[Data supplied Boundary: Start]

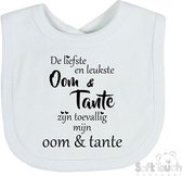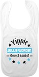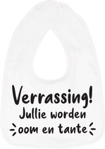 Bavoir Bébé garçon et fille de couleur blanche avec imprimé bleu. Le texte sur le bavoir dit : Youpi, tu vas être oncle et tante ! Le bavoir est doté d'une fermeture velcro pour que vous puissiez l'enfiler et l'enlever facilement. Ce joyeux chiffon à bave est également amusant à offrir en cadeau pour annoncer une grossesse au futur oncle et à la future tante. Célébrez l'arrivée de bébé avec ce bavoir imprimé amusant. Le bavoir peut être lavé à 60 degrés maximum et passe au sèche-linge. Matière : 100% coton. Merk: Bellatio Decorations.
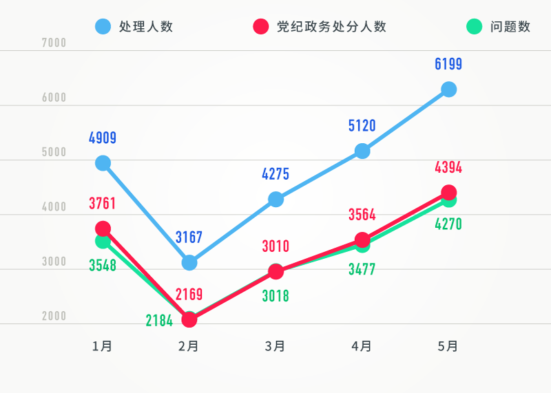 仔細梳理發(fā)現,今年1-5月,每月全國查處違反中央八項規(guī)定精神問題數、處理人數、給予黨紀政務處分人數相比去年同期均大幅上升。此外,除2月有下降外,1-5月的各項數據呈逐月攀升趨勢。
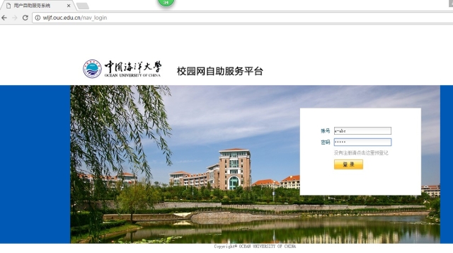 一、用户登录开云电竞网址校园网自助服务平台wljf.ouc.edu.cn,输入校园网账号、密码。如下图:
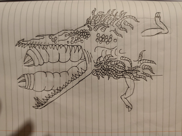 this is deformaty an experiment in the game i wanna make nd the more complete version of abomination as this one can move much more easily cause rather then dragging itself around it wriggles lik a worm or snake.it is much more visious as well using the same multi mouth trick of its predacessor. its arm is a short sword helicoptor blade combo. so it can impale nd slice thru things with ease
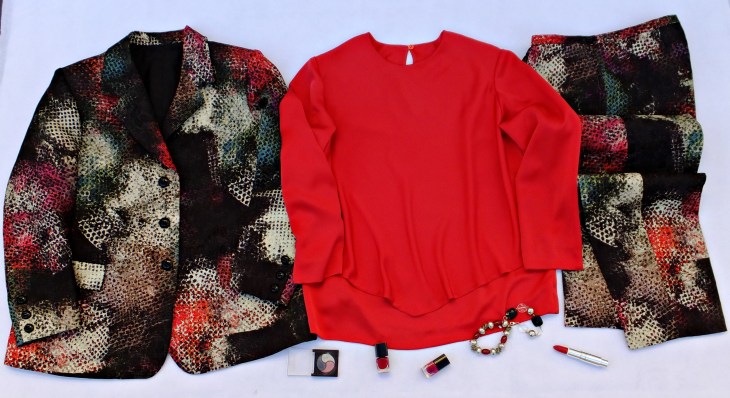 Un traje pantalón puede ser muy serio y clásico, pero si le ponemos un tejido divertido, un brocado en camuflaje de colores, todo cambia. Y más si se acompaña con un blusón rojo. Alegre.
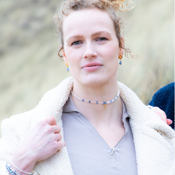 De choker is afgewerkt met een goudkleurig RVS. Al onze producten worden met zorg en liefde samengesteld door een van ons. Doordat onze sieraden handgemaakt zijn, kan het echter voorkomen dat het product dat je ontvangt niet exact overeenkomt met het afgebeelde product.
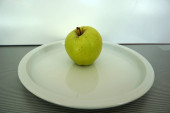 Owoce podawane na tacce i sfotografowane na białej płycie

[Data supplied Boundary: End]

**Activity:** In the copy, include no pictures; transcribe every record above verbatim.

**Exercise output:**
 Bavoir Bébé garçon et fille de couleur blanche avec imprimé bleu. Le texte sur le bavoir dit : Youpi, tu vas être oncle et tante ! Le bavoir est doté d'une fermeture velcro pour que vous puissiez l'enfiler et l'enlever facilement. Ce joyeux chiffon à bave est également amusant à offrir en cadeau pour annoncer une grossesse au futur oncle et à la future tante. Célébrez l'arrivée de bébé avec ce bavoir imprimé amusant. Le bavoir peut être lavé à 60 degrés maximum et passe au sèche-linge. Matière : 100% coton. Merk: Bellatio Decorations.
 仔細梳理發(fā)現,今年1-5月,每月全國查處違反中央八項規(guī)定精神問題數、處理人數、給予黨紀政務處分人數相比去年同期均大幅上升。此外,除2月有下降外,1-5月的各項數據呈逐月攀升趨勢。
 一、用户登录开云电竞网址校园网自助服务平台wljf.ouc.edu.cn,输入校园网账号、密码。如下图:
 this is deformaty an experiment in the game i wanna make nd the more complete version of abomination as this one can move much more easily cause rather then dragging itself around it wriggles lik a worm or snake.it is much more visious as well using the same multi mouth trick of its predacessor. its arm is a short sword helicoptor blade combo. so it can impale nd slice thru things with ease
 Un traje pantalón puede ser muy serio y clásico, pero si le ponemos un tejido divertido, un brocado en camuflaje de colores, todo cambia. Y más si se acompaña con un blusón rojo. Alegre.
 De choker is afgewerkt met een goudkleurig RVS. Al onze producten worden met zorg en liefde samengesteld door een van ons. Doordat onze sieraden handgemaakt zijn, kan het echter voorkomen dat het product dat je ontvangt niet exact overeenkomt met het afgebeelde product.
 Owoce podawane na tacce i sfotografowane na białej płycie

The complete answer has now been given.